Note that for RGBA (64 uint8s), a $\delta_\infty = 16$ should be good. For weights (256 uint4s), an absolute coding of the values should suffice.

For simplicity, we can choose a huffman code with a per-subgroup (64 blocks) shared dictionary/tree for:

  1. The RGB components, since they share very similar structures
  2. A distinct alpha channel, since it's likely that they will just have a single value for most subgroups
  3. A distinct weight channel, since this is the most variable aspect of this whole scheme

Group start offsets

Since a group/chunk of blocks are no longer deterministically mapped to a fixed point, we need to also include a central directory (cd) lookup.
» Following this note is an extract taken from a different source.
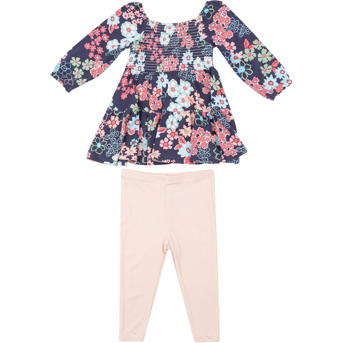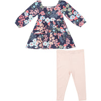 Angel Dear Japonisme Blossom Floral Cap Sleeve Dress + Rib Legging

We'll go with the naive approach of just specifying $\frac{w \times h}{256}$ additional uint32s, to be optimized later.

Parallelization

The aim is to do this process in subgroups of 64 threads on an iGPU (ARM/Adreno). Each subgroup will compute its subgroup id, and then find its group start offset in the file (already mapped into memory). Then it will perform either the encoding (from astc/bc1 weights to astc) or decoding (from the .fastc group object into astc)

Empirical Results

Using device: cuda
Image processed into 129600 blocks.
Processing 100 groups of 64 blocks...

--- Compression Efficacy Report ---
Original Image Blocks: 6400
Original ASTC Size: 100.00 KB
-----------------------------------
Compressed Size Breakdown:
  - Huffman Data: 67.72 KB
  - Huffman Trees: 7.35 KB
  - Huffman RGB Data: 18.67 KB
  - Huffman RGB Trees: 4.65 KB
  - Huffman W Data: 49.06 KB
  - Huffman W Trees: 2.54 KB
  - Absolute Values: 3.54 KB
  - Central Directory: 0.39 KB
-----------------------------------
Total Compressed Size: 79.00 KB
Compression Ratio: 1.27:1
SAVING: 21.00%
RGB Codebook: [(0, '00'), (1, '011'), (-2, '1010'), (-1, '1111'), (2, '1011'), (3, '0100'), (4, '1001'), (16, '1101'), (-4, '11000'), (-3, '10001'), (6, '01011'), (-8, '110010'), (-6, '010100'), (5, '111011'), (7, '010101'), (10, '110011'), (-15, '1000000'), (-10, '1000001'), (-7, '1110011'), (-5, '1110100'), (8, '1000010'), (9, '1000011'), (11, '1110101'), (13, '1110000'), (-14, '11100010'), (-9, '11100100'), (14, '11100101'), (-11, '111000110'), (15, '111000111')]
RGB Freq: Counter({0: 70, 1: 44, -1: 37, 16: 30, 2: 26, -2: 25, 4: 24, 3: 19, -4: 13, -3: 12, 6: 11, 5: 8, 10: 7, -8: 7, 7: 5, -6: 5, 11: 4, -5: 4, -7: 4, 8: 3, -10: 3, -15: 3, 13: 3, 9: 3, -9: 2, -14: 2, 14: 2, 15: 1, -11: 1})
Alpha Codebook: {0: ''}
Alpha Freq: Counter({0: 126})
Weight Codebook: [(0, '0001'), (1, '0110'), (2, '0011'), (3, '0100'), (4, '0111'), (5, '1000'), (6, '0101'), (7, '1011'), (8, '1110'), (9, '1111'), (10, '1100'), (11, '1010'), (12, '1001'), (13, '1101'), (14, '0000'), (15, '0010')]
Weight Freq: Counter({9: 83, 8: 82, 13: 80, 10: 78, 7: 68, 11: 66, 12: 65, 5: 63, 4: 61, 1: 59, 6: 57, 3: 57, 2: 56, 15: 55, 0: 49, 14: 45})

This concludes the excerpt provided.